Home News Investors and Consumers Have Lower Inflation Predictions for the United States

Investors and Consumers Have Lower Inflation Predictions for the United States

Investors and Consumers Have Lower Inflation Predictions for the United States

So-called breakeven rates on inflation-linked debt and derivatives – measures of what traders anticipate consumer prices will do over the coming decade – have slipped from a week ago. That’s just as preliminary data from the University of Michigan showed consumers’ short-term inflation expectations unexpectedly ebbed to the lowest level in more than a year.

All that sets the scene for the November consumer price index on Tuesday, which is expected to show a 7.3% year-on-year increase, down slightly from a month earlier. A day later, the Fed is forecast to deliver a half-point hike, capping a streak of four straight three-quarter-point moves.

Bond traders expect the monetary authority’s overnight rate to plateau at about 5% by mid-2023 as the central bank takes time to assess the impact of its policy changes. Odds of a modest US recession and waning price pressure in the coming year have fueled a rally in Treasuries over the past month, led by longer-dated securities.
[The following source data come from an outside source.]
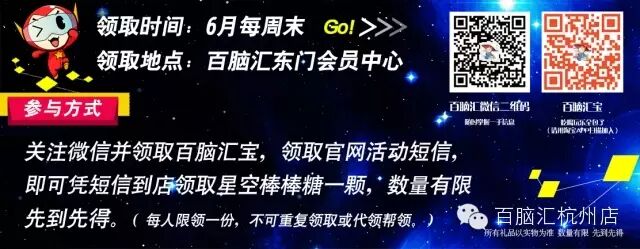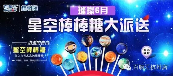 即日起关注百脑汇杭州店微信并领取百脑汇宝,下载官网活动短信或凭百脑汇台历6月剪角,即可在6月每周末至百脑汇领取星空棒棒糖一颗!(数量有限,先到先得。每人限领一份,不可代领帮领等)
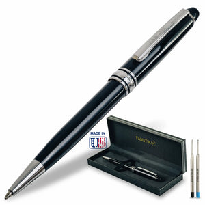 - Features: Twist mechanism. Made of stainless steel. Includes a presentation box. Contains quick-drying black ink. Easy to replace refill.
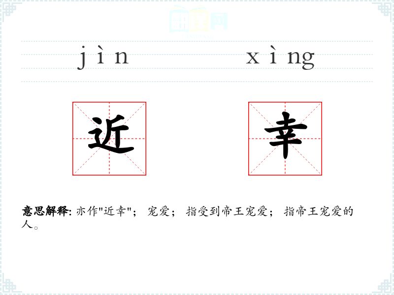 亦作"近幸"; 宠爱; 指受到帝王宠爱; 指帝王宠爱的人。

The following is a series of indicators of how the market views US inflation.

Inflation News Bites

  • Brazil’s consumer prices rose less than forecast on temporary, Black Friday shopping discounts as the central bank warns that greater public spending could pressure inflation going forward.
  • The Bank of England said the expectations that British consumers have about where inflation is headed drifted further above its 2% target, and more people were dissatisfied with the way the central bank is doing its job.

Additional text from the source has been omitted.